W sieci huczy po skandalu z udziałem Polaków. UEFA analizuje, kary niemal pewne
Nie tylko polscy piłkarze dostarczyli w ostatnich dniach powodów do zażenowania. Nie popisali się również nasi sędziowie, o czym głośno w całej Europie. Daniel Stefański i Paweł Malec - pracujący w roli arbitrów VAR - zobaczyli na monitorach ofsajd, którego nie było. W efekcie nie uznano bramki Szwedom, którzy w ostatniej serii gier grupowych mierzyli się z Azerbejdżanem. Co na to UEFA? Kolega po fachu obu negatywnych bohaterów spodziewa się kar.
Skórę polskim rozjemcom w jakimś stopniu ratuje wynik meczu Szwecja - Azerbejdżan. Gospodarze rozgromili niżej notowanego rywala 6:0. Nieuznany gol nie miał więc żadnego wpływu na końcowe rozstrzygnięcie.
Nie oznacza to jednak, że o sprawie można zapomnieć. O kompromitującym błędzie polskiego zespołu sędziowskiego dyskutuje się w całej Europie. Incydent analizuje również UEFA.
Co widzieli na monitorze Stefański i Malec? "Całe szczęście, że Szwedzi wygrali 6:0"
Krótko przed przerwą, przy stanie 3:0 dla Szwecji, kolejną bramkę dla faworytów zdobył Alexander Isak. Uczynił to w sposób prawidłowy. Ofsajdu nie sygnalizował biegający po linii Radosław Siejka. A Paweł Raczkowski bez wahania wskazał na środek boska.

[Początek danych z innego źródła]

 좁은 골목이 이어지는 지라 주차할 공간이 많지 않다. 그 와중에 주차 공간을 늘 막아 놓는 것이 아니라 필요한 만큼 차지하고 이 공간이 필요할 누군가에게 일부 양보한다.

Innego zdania byli jednak Daniel Stefański i Paweł Malec, którzy tego dnia odpowiedzialni byli za system VAR. Po konsultacji zgodnie orzekli, że gol nie może być uznany z powodu ewidentnego spalonego. Jak się okazało, najprawdopodobniej pomylili podania i wzięli pod uwagę nie to, które w tej sytuacji było kluczowe.

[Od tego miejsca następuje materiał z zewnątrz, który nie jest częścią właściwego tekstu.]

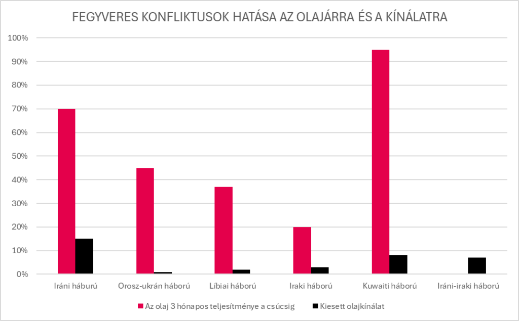 Az elmúlt két-három hétben a napi kb. 100-105 millió hordó olajból csak 80-85 millió éri el végcélját, ez pedig 15-20%-os csökkenés. A 2022-es orosz-ukrán háború alatt a globális olajkínálat mindössze 1%-át érintette konfliktus, miközben az olaj ára több, mint 40%-kal emelkedett; de lentebb látható, hogy számos esetben sokkal kisebb olajkínálati/kitermelői sokkra, az olaj ára, relatív, jobban emelkedett.
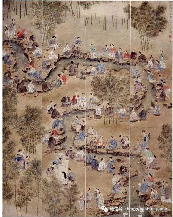 所谓曲水流觞,早先是临水浮枣,也有临水浮卵,它是将煮熟的鸡蛋放在河水中,任其浮移,谁拾到谁食之。想当年简狄吞下的玄鸟之卵,也是祈子的美好愿望啊!后变为“流杯曲水之饮”。所谓“流杯”,也称“流觞”,就是投杯于水的上游,听其随波而下,止于某处,则其人取而饮之。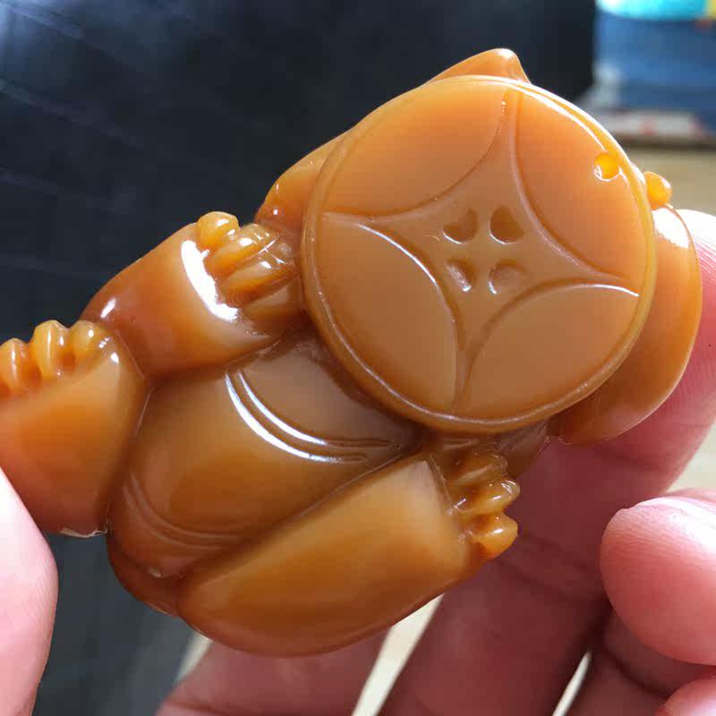 Myanmar Yellow Leopard Myanmar Material Yellow Dragon Jade Chicken Oil Yellow Imperii King Yellow Bully Wang Leu's handlebar piece of fine craftsman's hand engraving texture old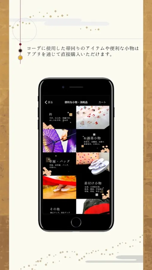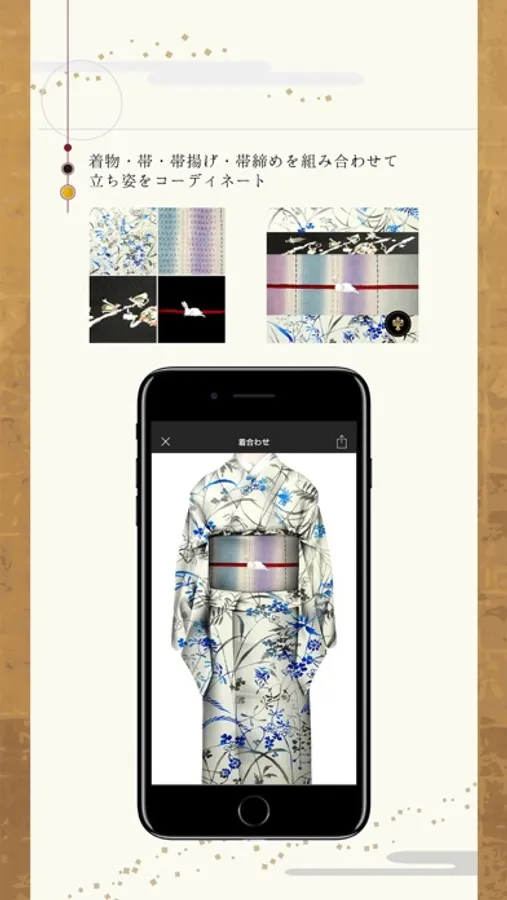 手持ちの着物や帯を撮影し、コーディネートの変化を楽しめます。

- Nie wiem, co kierowało sędziami. Przecież to jest elementarz. Naprawdę ciężko mi to wytłumaczyć. Jeszcze mógłbym w jakiś sposób zrozumieć, gdyby pomylił się jeden człowiek, ale ich tam jest dwóch - powiedział w rozmowie z WP Sportowe Fakty ekspert Canal+ i były arbiter Adam Lyczmański.
Jeszcze mógłbym w jakiś sposób zrozumieć, gdyby pomylił się jeden człowiek, ale ich tam jest dwóch.
~ podkreślił Adam Lyczmański
- Sędzia Raczkowski żadnej winy nie ponosi. Wiadomo, on był arbitrem głównym i ta sytuacja pójdzie na jego konto. Ale jestem pewien, że oni nawet nie mieli świadomości, że sytuacja dotyczy tego pierwszego podania - dodał.
Jakie konsekwencje poniosą Stefański z Malcem? Na to pytanie nie znamy jeszcze odpowiedzi. Trudno jednak przypuszczać, by incydent uszedł im na sucho.
- Myślę, że UEFA tak tego nie zostawi i można spodziewać się kar. Całe szczęście, że Szwedzi wygrali 6:0. Potrafię sobie wyobrazić, że wszystko dzieje się przy remisie i taka bramka jest nieuznana. Aż strach pomyśleć, co by się wtedy działo - kwituje Lyczmański.